In the several embodiments provided in this specification, it should be understood that the disclosed systems, apparatuses, and methods may be implemented in other ways. For example, the apparatus embodiments described above are merely illustrative, e.g., the division of the units is merely a logical function division, and there may be additional divisions when actually implemented, e.g., multiple units or components may be combined or integrated into another system, or some features may be omitted or not performed. In addition, the coupling or direct coupling or communication connection shown or discussed with each other may be an indirect coupling or communication connection via some interfaces, devices, or elements, or may be an electrical, mechanical, or other form of connection.
The units described as separate units may or may not be physically separate, and units shown as units may or may not be physical units, may be located in one place, or may be distributed on a plurality of network units. Some or all of the units may be selected according to actual needs to achieve the purposes of the embodiments of the present description.
In addition, each functional unit in each embodiment of the present specification may be integrated in one processing unit, or each unit may exist alone physically, or two or more units may be integrated in one unit. The integrated units may be implemented in hardware or in software functional units.
The integrated units, if implemented in the form of software functional units and sold or used as stand-alone products, may be stored in a computer readable storage medium.
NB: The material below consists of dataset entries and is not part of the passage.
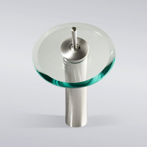 Brand new Euro modern contemporary brushed nickel waterfall faucet vessel filler. The water flows off the glass tray like a waterfall. Premium quality.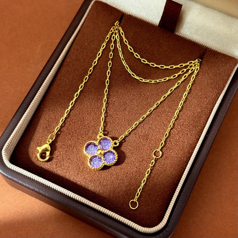 Van Cleef & Arpels Vintage Alhambra Pendant 18K Yellow Gold & Lavender Purple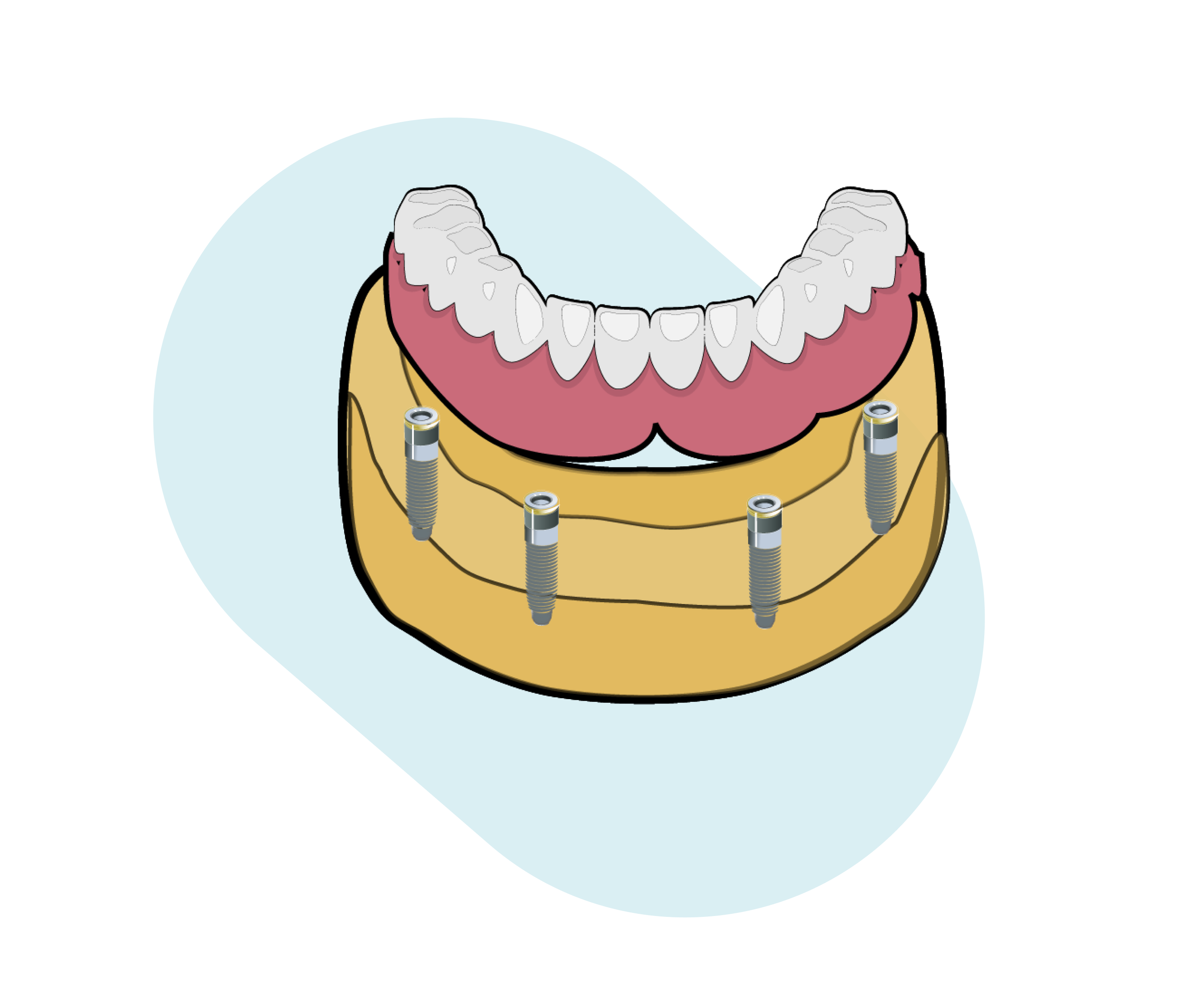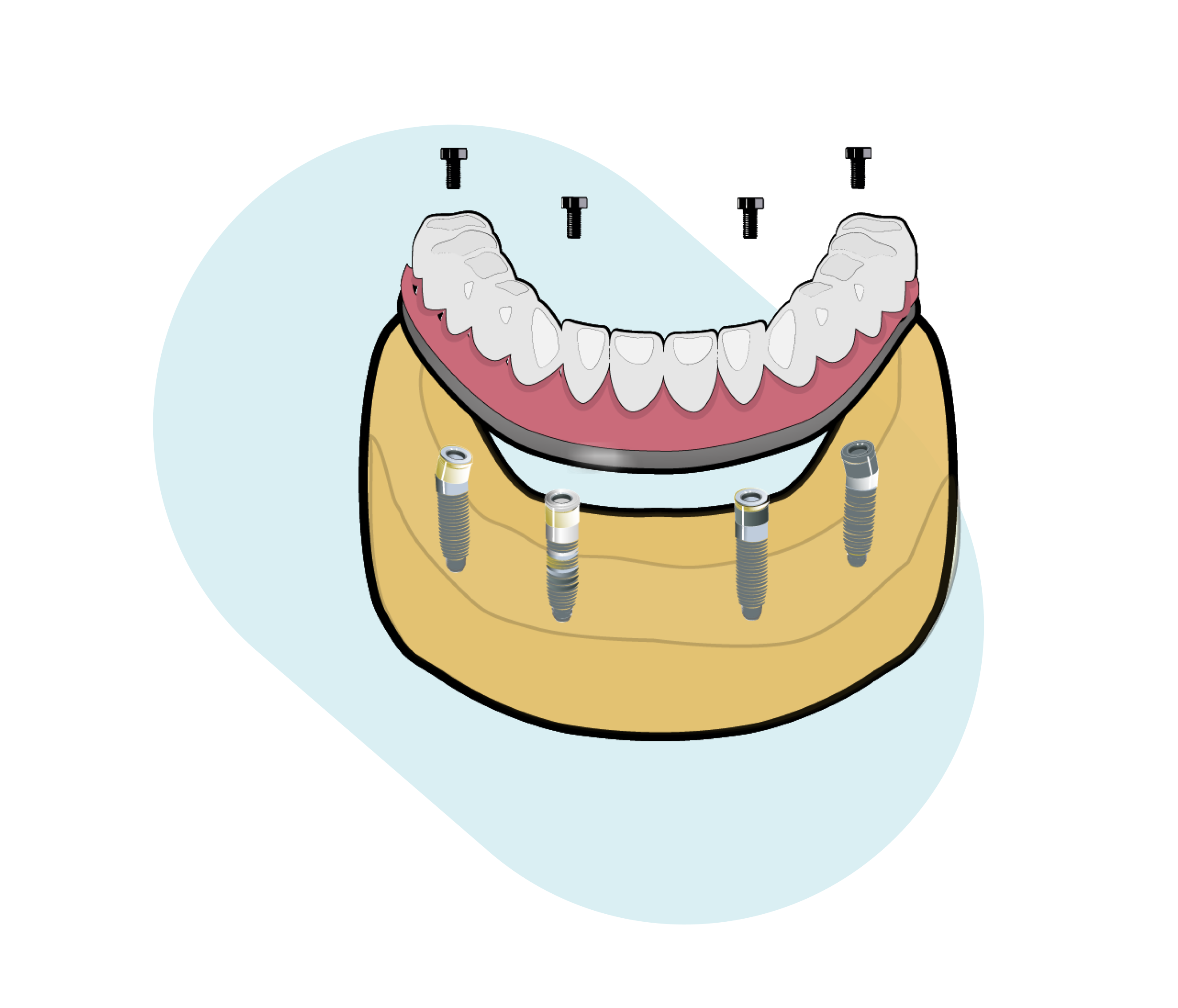 Non-removable dentures, such as the All-on-4 dentures, are fixed to 4-6 dental implants for maximum hold. The ideal option for most patients, though daily irrigation cleaning (with a product like a WATERPIK) is required.

Based on this understanding, the technical solution of the present specification is essentially or a part contributing to the prior art, or all or part of the technical solution may be embodied in the form of a software product stored in a storage medium, including several instructions to cause a computer device (which may be a personal computer, a server, or a network device, etc.) to perform all or part of the steps of the method described in the embodiments of the present specification. The storage medium includes a U disk, a removable hard disk, a Read-Only Memory (ROM), a random access Memory (RAM, random Access Memory), a magnetic disk, an optical disk, or other various media capable of storing program codes.
The principles and embodiments of the present invention have been described in the present specification by using specific examples, which are provided to assist in understanding the method and core ideas of the present invention, and modifications will be apparent to those skilled in the art from the teachings of the present invention, and it is intended that the present invention not be limited to these examples.